Segment Start: Data excerpt

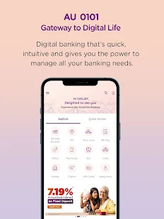 AU 0101 App is the result of our vision for secure and intuitive digital banking that is meant to be convenient, flexible and customer-focused to transform the way you bank. You can now manage your A/c, Book Fixed Deposit, raise service requests over Video Call, Transfer funds, apply for a Car / Personal Loan, invest in IPO / Mutual Funds etc., Make UPI payments, set up bill payments, book a cab / bus / flight and much more.
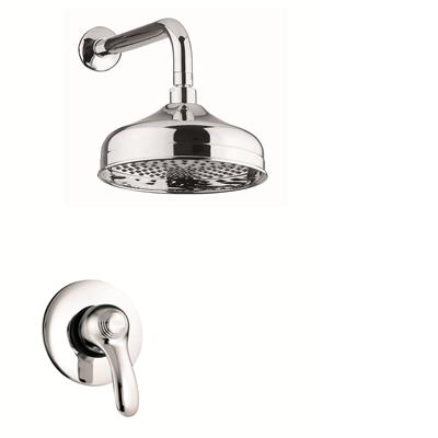 Комплектация: смеситель для душа (внешняя часть - декоративная панель), блок скрытого монтажа (внутренняя часть), верхний тропический душ диаметром 200 мм с поворотным шарниром, настенный кронштейн;
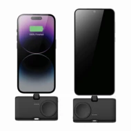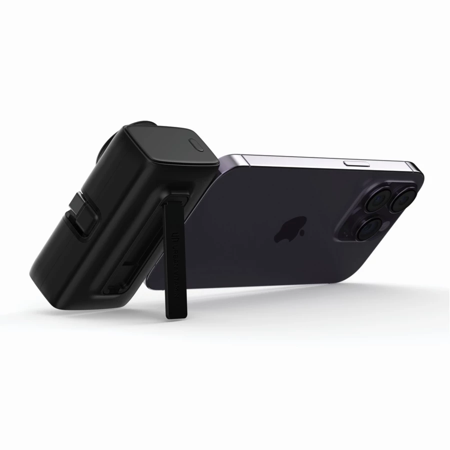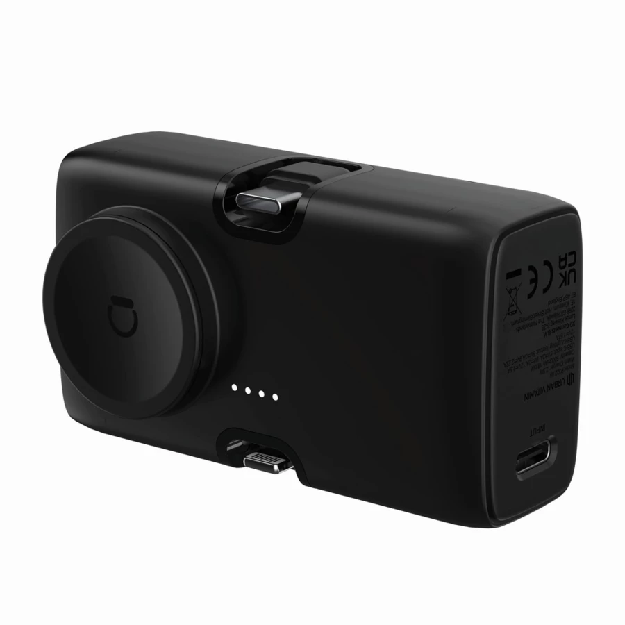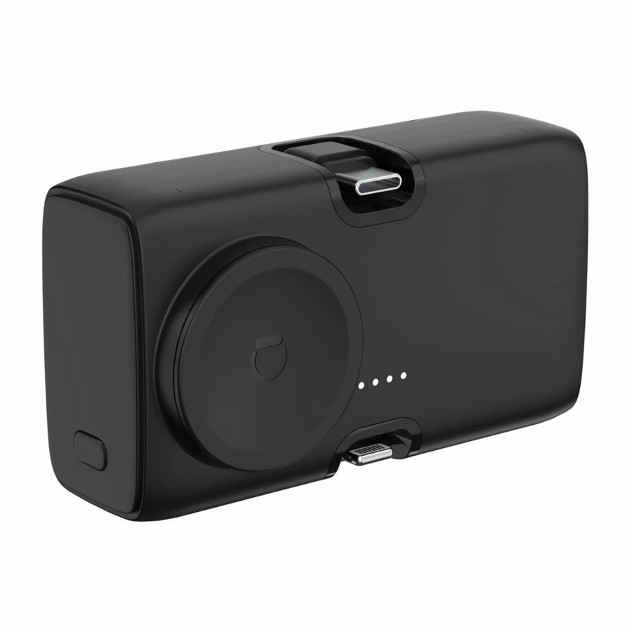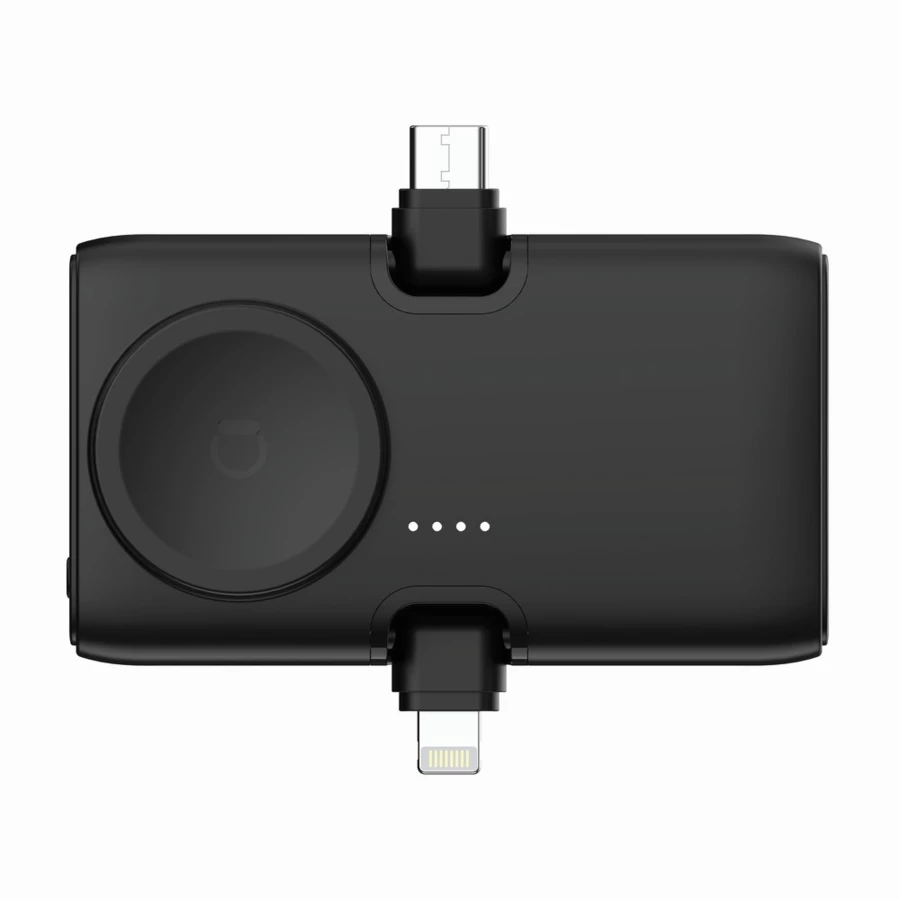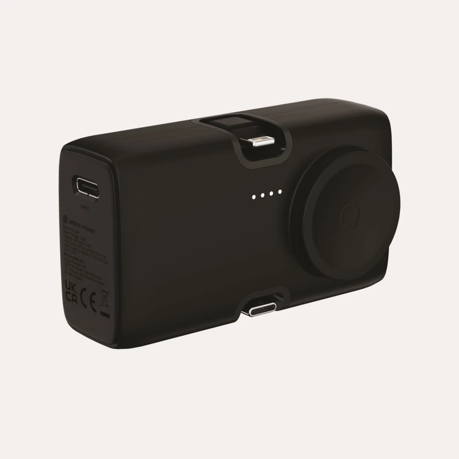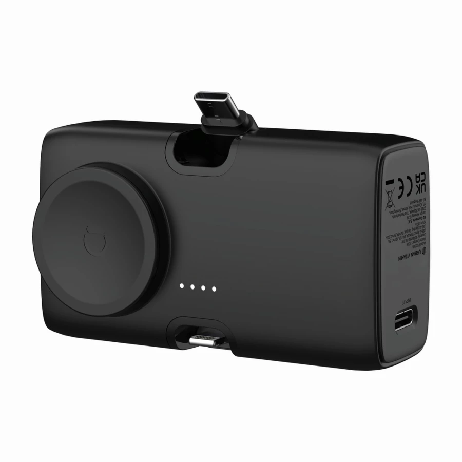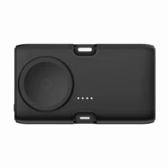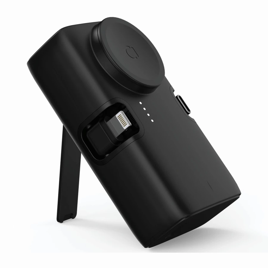 Power bank 5000 mAh, zintegrowana ładowarka bezprzewodowa do zegarka (tylko iOS), szybkie ładowanie do 20W, zintegrowane wyjścia USB-C i iOS, stojak na telefon, wyjście USB-C, działa z urządzeniami posiadającymi możliwość ładowania indukcyjnego, wykonana z ABS z recyklingu, całkowita zawartość materiałów z recyklingu obliczona na podstawie wagi całkowitej produktu: 24%
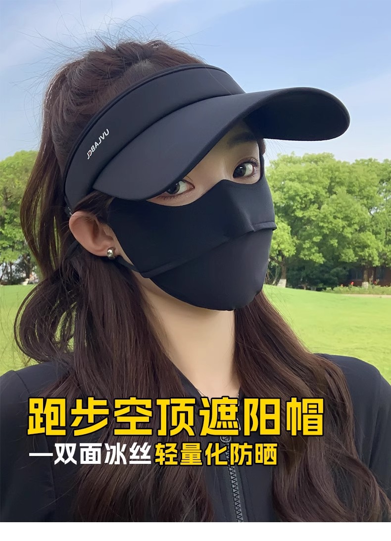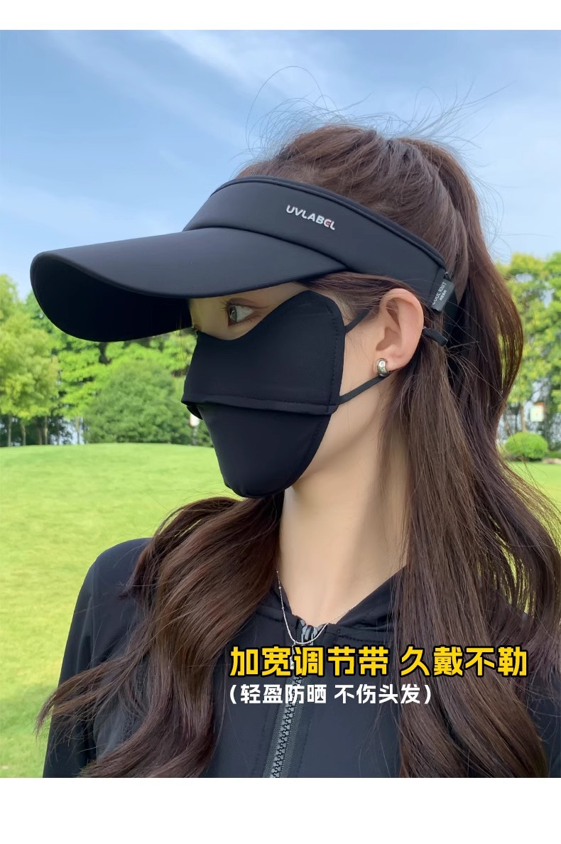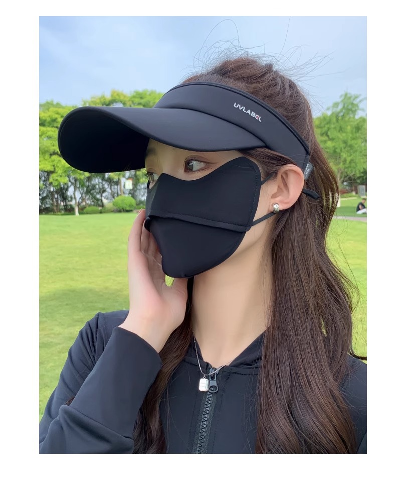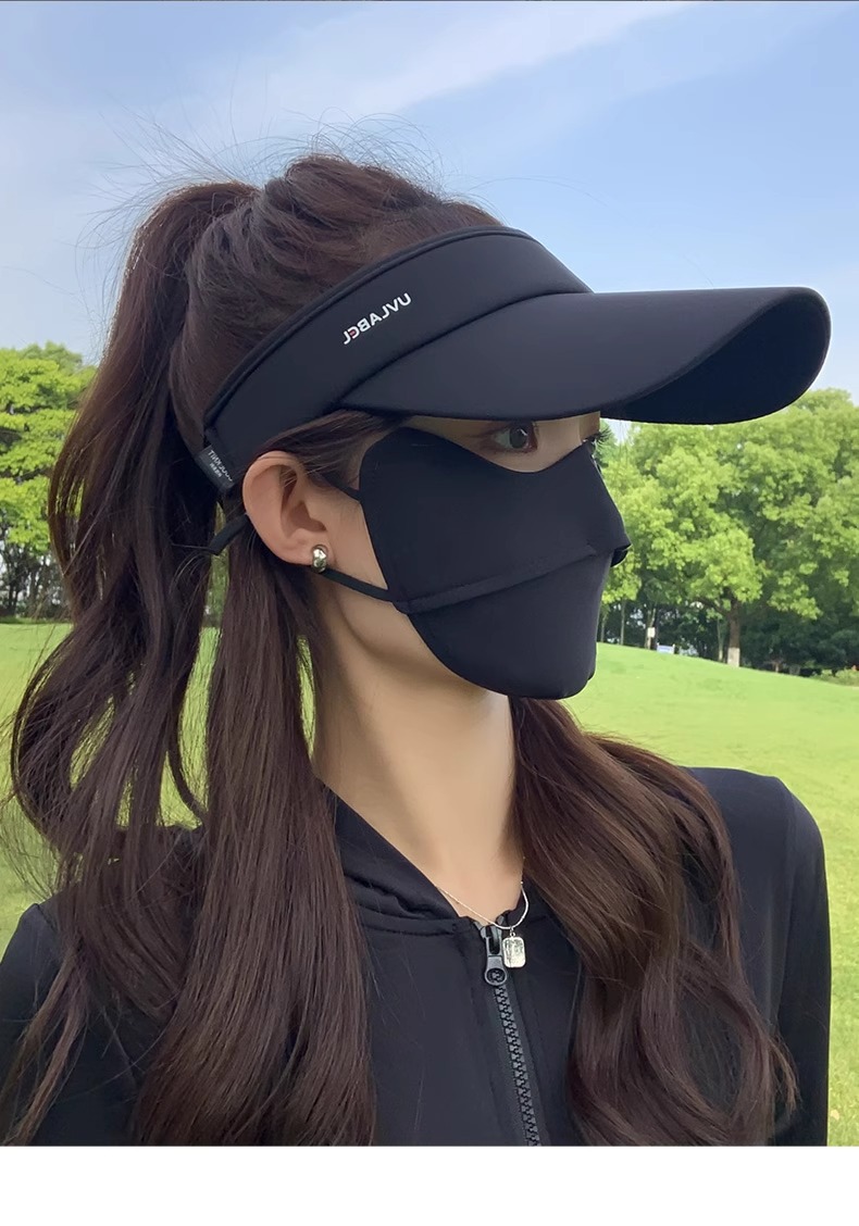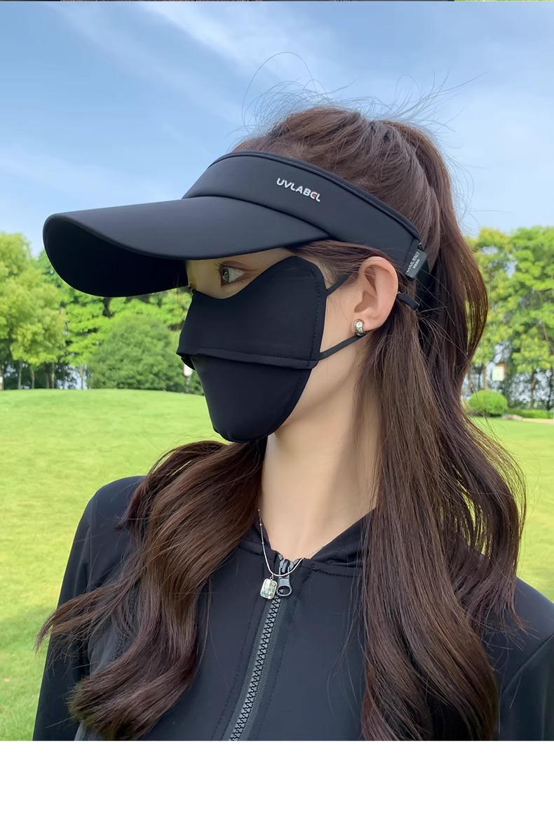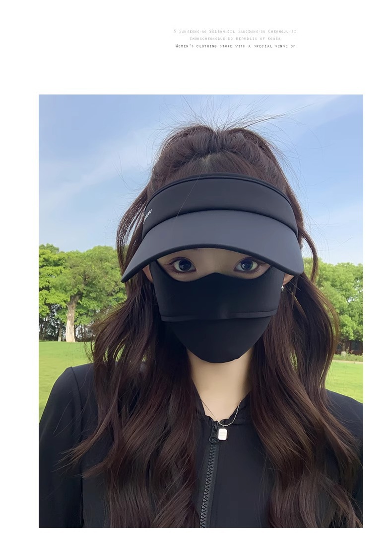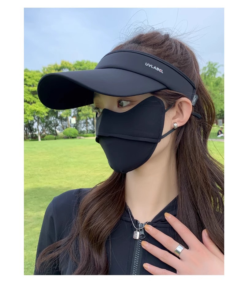 • 아이스 실크 빈 탑 선크림 모자-블랙

Segment End: Data excerpt

What this task involves: Without the pictures, print the whole listing exactly as given.

The answer:
 AU 0101 App is the result of our vision for secure and intuitive digital banking that is meant to be convenient, flexible and customer-focused to transform the way you bank. You can now manage your A/c, Book Fixed Deposit, raise service requests over Video Call, Transfer funds, apply for a Car / Personal Loan, invest in IPO / Mutual Funds etc., Make UPI payments, set up bill payments, book a cab / bus / flight and much more.
 Комплектация: смеситель для душа (внешняя часть - декоративная панель), блок скрытого монтажа (внутренняя часть), верхний тропический душ диаметром 200 мм с поворотным шарниром, настенный кронштейн;
 Power bank 5000 mAh, zintegrowana ładowarka bezprzewodowa do zegarka (tylko iOS), szybkie ładowanie do 20W, zintegrowane wyjścia USB-C i iOS, stojak na telefon, wyjście USB-C, działa z urządzeniami posiadającymi możliwość ładowania indukcyjnego, wykonana z ABS z recyklingu, całkowita zawartość materiałów z recyklingu obliczona na podstawie wagi całkowitej produktu: 24%
 • 아이스 실크 빈 탑 선크림 모자-블랙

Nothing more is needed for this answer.